■ Exercise objective: Starting at the line that contains "From the viewpoint", return every line through the end of the data exactly, without pictures.

Dataset excerpt Start Marker

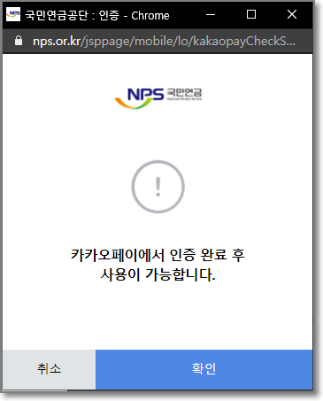 아래처럼 카카오페이에서 인증 완료 후 사용이 가능하다고 나옵니다.
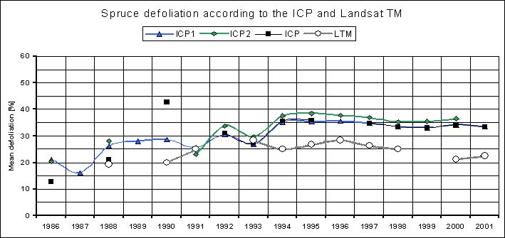 From the viewpoint of the long-term development the defoliation, as a main sign used, has an increasing trend. This is typical mostly in the case of old coniferous trees even though the dynamics of this trend has been significantly declined in beginning of the 90ties. Defoliation development of broadleaved has been slightly different. There was decline in 1998 but in following years the consecutive worsening has been recorded.
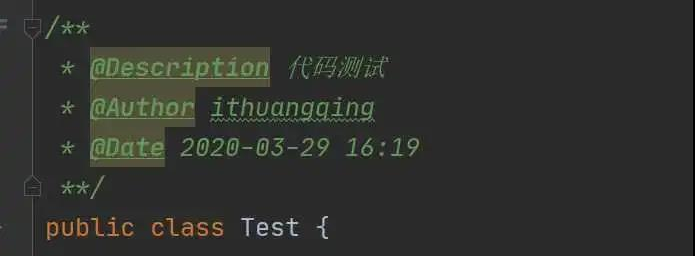 这就是一个注释,那么注释有什么用呢?简单来说就是对相关的类或者方法加以说明,比如这里的Test类,上面的注释大致告诉我们这类是谁编写的,做什么的以及何时编写的这些信息,当然,信息其实还可以有更多。
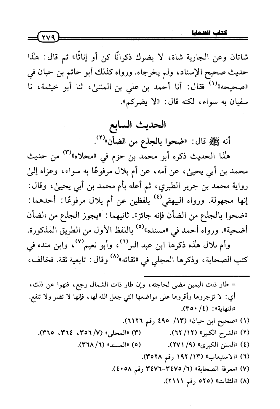 شَاتَان وَعَن الْجَارِيَة شَاة، لَا يَضرك ذكرانًا كن أَو إِنَاثًا» ثمَّ قَالَ: هَذَا حَدِيث صَحِيح الْإِسْنَاد، وَلم يخرجَاهُ. وَرَوَاهُ كَذَلِك أَبُو حَاتِم بن حبَان فِي «صَحِيحه» فَقَالَ: أَنا أَحْمد بن عَلّي بن الْمثنى، ثَنَا أَبُو خَيْثَمَة، نَا سُفْيَان بِهِ سَوَاء، لكنه قَالَ: «لَا يضركم» .

Dataset excerpt End Marker

■ Task output:
 From the viewpoint of the long-term development the defoliation, as a main sign used, has an increasing trend. This is typical mostly in the case of old coniferous trees even though the dynamics of this trend has been significantly declined in beginning of the 90ties. Defoliation development of broadleaved has been slightly different. There was decline in 1998 but in following years the consecutive worsening has been recorded.
 这就是一个注释,那么注释有什么用呢?简单来说就是对相关的类或者方法加以说明,比如这里的Test类,上面的注释大致告诉我们这类是谁编写的,做什么的以及何时编写的这些信息,当然,信息其实还可以有更多。
 شَاتَان وَعَن الْجَارِيَة شَاة، لَا يَضرك ذكرانًا كن أَو إِنَاثًا» ثمَّ قَالَ: هَذَا حَدِيث صَحِيح الْإِسْنَاد، وَلم يخرجَاهُ. وَرَوَاهُ كَذَلِك أَبُو حَاتِم بن حبَان فِي «صَحِيحه» فَقَالَ: أَنا أَحْمد بن عَلّي بن الْمثنى، ثَنَا أَبُو خَيْثَمَة، نَا سُفْيَان بِهِ سَوَاء، لكنه قَالَ: «لَا يضركم» .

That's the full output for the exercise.